In the analysis of this data, the data science team studies the various data sets to find column combinations that can serve as useful keys for matching records.   This process involves tools to measure the uniqueness of various column combinations.  The selected columns do not have to be unique because the future queries will involve some algorithms to handle the duplicates as well as the inevitable nulls of non-matching records.  Part of the null and duplicate handling may involve manually prepared tables to provide default values for nulls or flags to indicate most-likely match among many.

The team has no intent to identify the patient.  Instead, their motivation for these studies is to provide drill-down details to support verification of higher level analytic results.   For example, the goal of the drill-down verification study may be to see a sample of treatment types that results in a particular number of repeat visits to the hospital.

In one of the verification studies involving this drill-down data they encounter a subset of unique matches of clinical records with license-plate readers and absentee data.   This set of unique matches would a scattering of cases with no particular pattern.  Although there was no intention to target a particular case or a particular individual, the matched records may include information such as:

  • diagnosis and treatment
  • Age, sex, ethnicity of patient
  • License plate of vehicle most likely transporting patient for recurring visits
  • Employer whose insurance policy has restrictions that forced the use of an unusual prescription
  • Absentee information consistent in time period and frequency for the recurring treatments

For this example, the actual individual is not positively identified in the data itself, but if this data were released to a broader audience, there is a far higher risk of identifying the individual than first assumed with the k-anonymity de-identification.
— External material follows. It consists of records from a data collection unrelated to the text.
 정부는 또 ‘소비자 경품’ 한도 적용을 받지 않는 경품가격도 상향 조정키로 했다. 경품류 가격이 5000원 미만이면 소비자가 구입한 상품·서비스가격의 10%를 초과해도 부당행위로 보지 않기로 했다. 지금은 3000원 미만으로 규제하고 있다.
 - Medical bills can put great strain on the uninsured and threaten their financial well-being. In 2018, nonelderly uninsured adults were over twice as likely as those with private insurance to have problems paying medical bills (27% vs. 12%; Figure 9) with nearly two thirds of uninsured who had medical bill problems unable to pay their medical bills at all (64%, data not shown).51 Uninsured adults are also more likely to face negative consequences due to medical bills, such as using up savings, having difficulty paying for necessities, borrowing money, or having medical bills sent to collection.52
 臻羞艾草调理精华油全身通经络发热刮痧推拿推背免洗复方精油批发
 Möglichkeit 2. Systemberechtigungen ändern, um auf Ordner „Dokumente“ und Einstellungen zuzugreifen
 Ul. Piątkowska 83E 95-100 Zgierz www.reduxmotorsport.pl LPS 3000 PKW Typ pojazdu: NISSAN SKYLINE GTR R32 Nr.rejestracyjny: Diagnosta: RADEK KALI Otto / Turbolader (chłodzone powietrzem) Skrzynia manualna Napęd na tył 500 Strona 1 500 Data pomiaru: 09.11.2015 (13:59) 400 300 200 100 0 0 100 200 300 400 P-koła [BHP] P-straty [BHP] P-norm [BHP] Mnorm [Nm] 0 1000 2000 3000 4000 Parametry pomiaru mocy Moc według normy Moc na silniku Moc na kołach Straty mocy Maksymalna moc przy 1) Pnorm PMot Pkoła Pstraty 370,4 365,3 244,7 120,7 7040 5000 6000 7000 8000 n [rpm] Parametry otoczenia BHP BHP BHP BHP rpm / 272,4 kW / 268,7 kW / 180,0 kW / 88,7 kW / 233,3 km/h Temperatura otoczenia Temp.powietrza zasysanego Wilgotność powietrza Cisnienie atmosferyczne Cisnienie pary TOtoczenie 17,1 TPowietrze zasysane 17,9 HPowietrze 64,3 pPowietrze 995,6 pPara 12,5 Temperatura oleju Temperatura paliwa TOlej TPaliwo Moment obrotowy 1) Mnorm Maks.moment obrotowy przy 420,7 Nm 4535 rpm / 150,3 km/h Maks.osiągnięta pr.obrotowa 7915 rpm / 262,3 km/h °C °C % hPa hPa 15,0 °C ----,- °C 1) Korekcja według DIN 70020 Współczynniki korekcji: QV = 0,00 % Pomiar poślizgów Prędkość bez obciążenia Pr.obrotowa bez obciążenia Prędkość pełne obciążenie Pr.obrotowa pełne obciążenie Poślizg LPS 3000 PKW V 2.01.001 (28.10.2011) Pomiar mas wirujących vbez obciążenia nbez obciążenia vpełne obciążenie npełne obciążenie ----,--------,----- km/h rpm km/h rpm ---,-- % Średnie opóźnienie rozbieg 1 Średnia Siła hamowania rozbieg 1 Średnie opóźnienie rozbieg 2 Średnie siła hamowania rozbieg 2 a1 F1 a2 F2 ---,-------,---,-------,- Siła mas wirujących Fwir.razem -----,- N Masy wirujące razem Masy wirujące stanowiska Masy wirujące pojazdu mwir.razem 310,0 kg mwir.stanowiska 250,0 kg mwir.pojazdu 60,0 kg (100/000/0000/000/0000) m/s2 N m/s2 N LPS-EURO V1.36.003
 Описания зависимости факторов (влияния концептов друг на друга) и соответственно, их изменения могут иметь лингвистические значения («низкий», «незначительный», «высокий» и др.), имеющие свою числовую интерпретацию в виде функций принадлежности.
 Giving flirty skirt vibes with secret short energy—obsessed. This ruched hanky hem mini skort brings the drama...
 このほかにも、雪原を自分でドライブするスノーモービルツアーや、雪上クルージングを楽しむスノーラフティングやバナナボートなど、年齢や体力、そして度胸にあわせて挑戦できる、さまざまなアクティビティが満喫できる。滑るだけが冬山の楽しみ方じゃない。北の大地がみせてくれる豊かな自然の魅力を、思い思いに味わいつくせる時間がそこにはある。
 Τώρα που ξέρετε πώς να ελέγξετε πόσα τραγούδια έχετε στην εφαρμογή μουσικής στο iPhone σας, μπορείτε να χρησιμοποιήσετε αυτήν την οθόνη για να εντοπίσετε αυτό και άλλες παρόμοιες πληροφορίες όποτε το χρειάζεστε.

Higher level studies will likely have vastly more data dimensions to work with including personal data from public records.   With this broader data, the explicit identification can occur directly in the the query results, or be obvious enough for an analyst to mentally piece the information together.

Again, I emphasize there is no intent to match either a particular name to the medical record or a medical record to a particular name.  Also because the supplemental data is an incomplete sample, only a small subset of query results will be so precise and their combinations are indiscriminate.  The re-identification is an accidental query result.    However, this accidental re-identification will be available to everyone who has access to the tool that performs the query.
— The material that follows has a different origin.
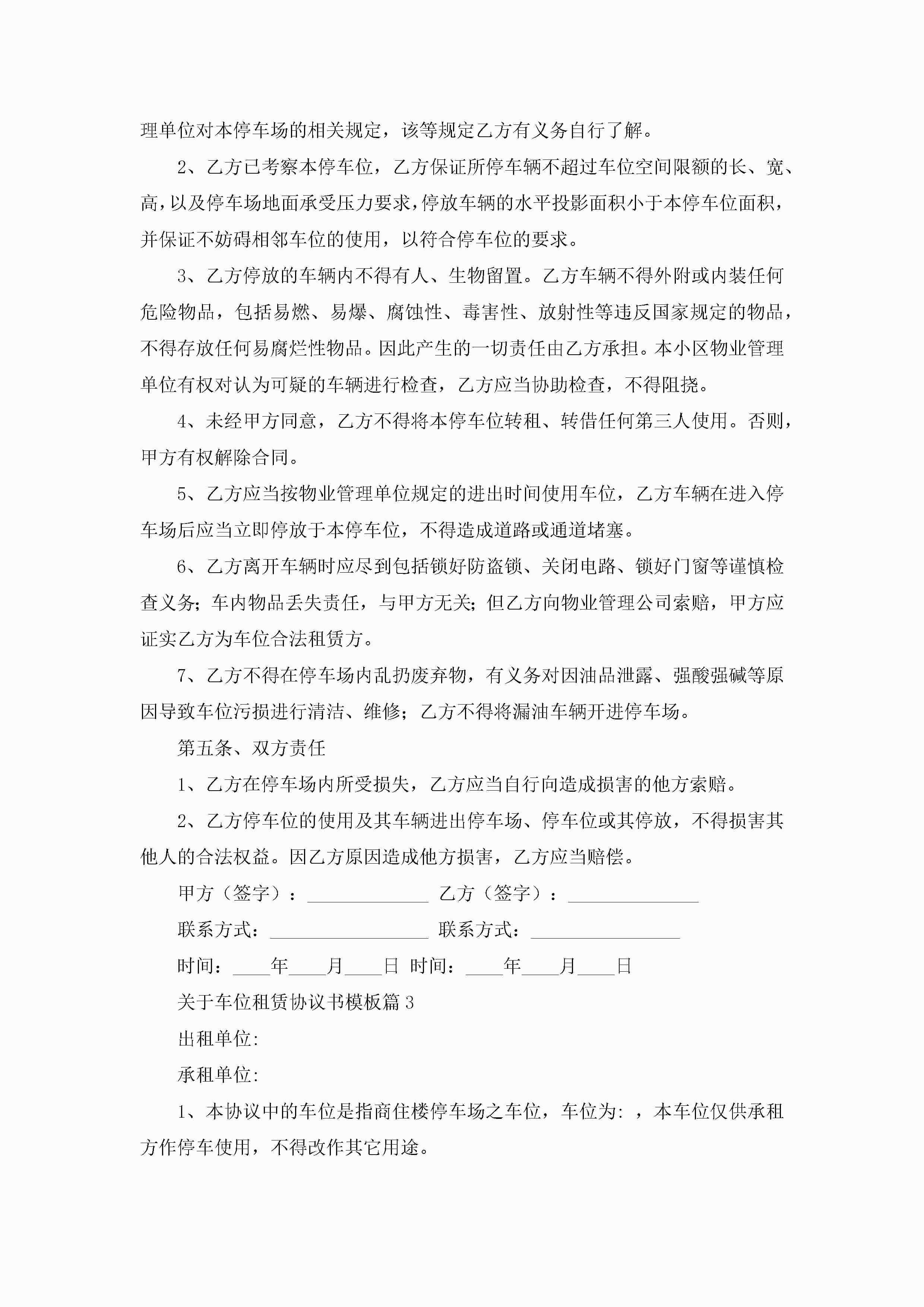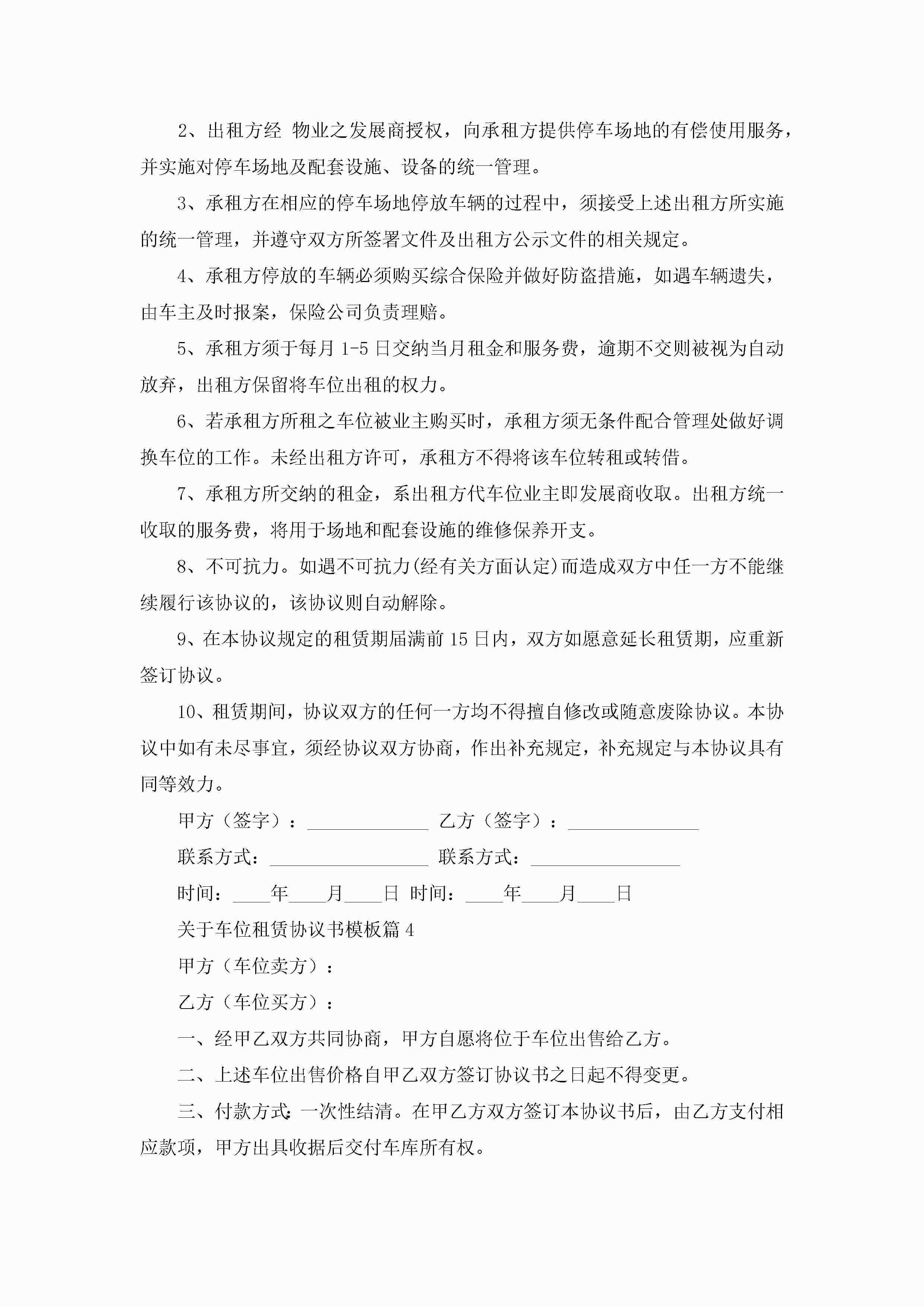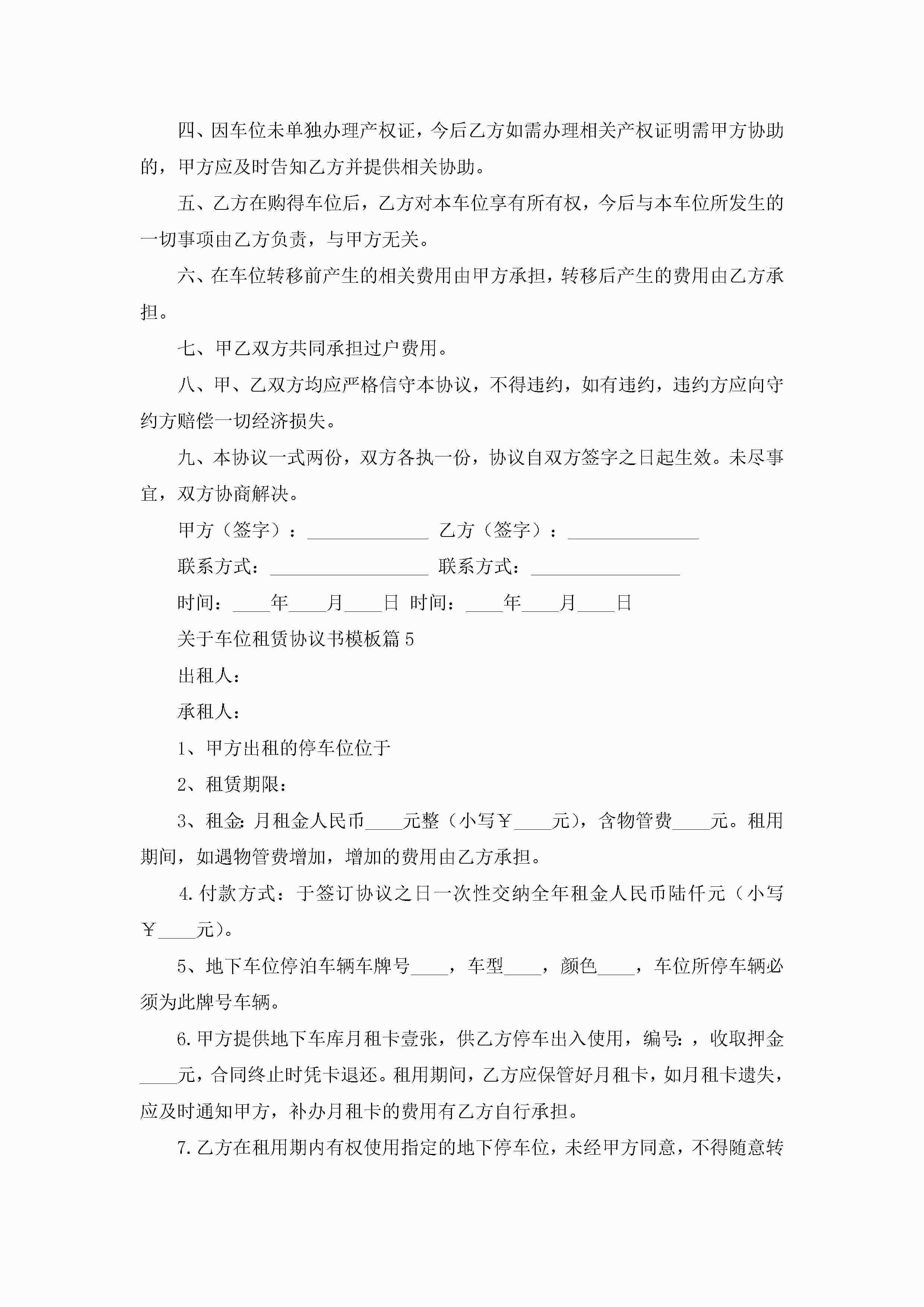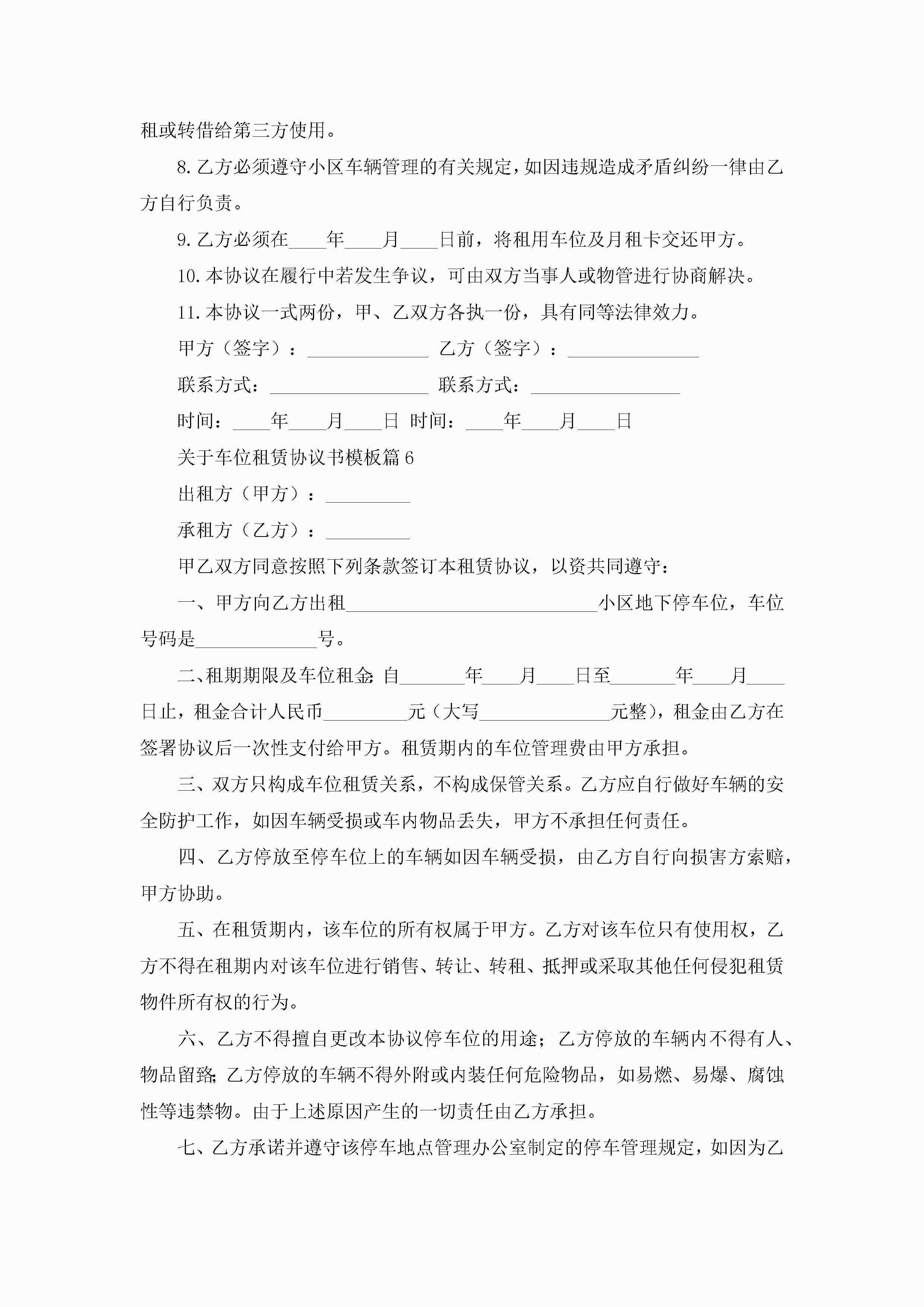 关于车位租赁协议书模板(精选10篇)jugei3月22日 12:42更新关注210 关于车位租赁协议书模板(精选10篇)此内容为付费资源,请付费后查看¥10.9 单篇文档限时特惠¥15个人会员开通企业会员开通立即下载无需登陆!可直接快捷下载单个模板付费资源© 版权声明THE ENDWord模板# 实用文档# 实用模板# 信函模板# 协议书 如有问题,可点击最底部“联系我们”联系客服 分享QQ空间微博QQ好友海报分享复制链接收藏

The tool may be available to a broad population of analysts some of whom may publish their analysis to a broader community.  Often these published results are in the form of recurring reports involving the same set of queries using new datasets.  Scripted queries may automatically generate the embedded tables and charts for these reports.  There may be some script to produce the entire report leaving the analyst with only the task to review the report before approving it for distribution.

There is still a protection here with the human analyst being able to recognize the automatically populated data is inappropriate for distribution.  The problem is that these are very routine reports and the scripts are so mature that the reports may receive very little attention.  The process relies on a human to scrub the PII from the automated report.  Unfortunately, humans vary in terms of their reliability of employing diligence.

Released accidentally re-identified data probably will not be discovered until much later, perhaps even too late to perform remedial actions.

The above scenario is a fable I invented to illustrate how automated analytics of multi-dimensional data may re-identified previously de-identified data.   Again, I emphasize I have no background in medical clinical data or its practices.  Perhaps they do have more stringent policies that prevent this scenario.   However, I strongly suspect this scenario is possible and even very common.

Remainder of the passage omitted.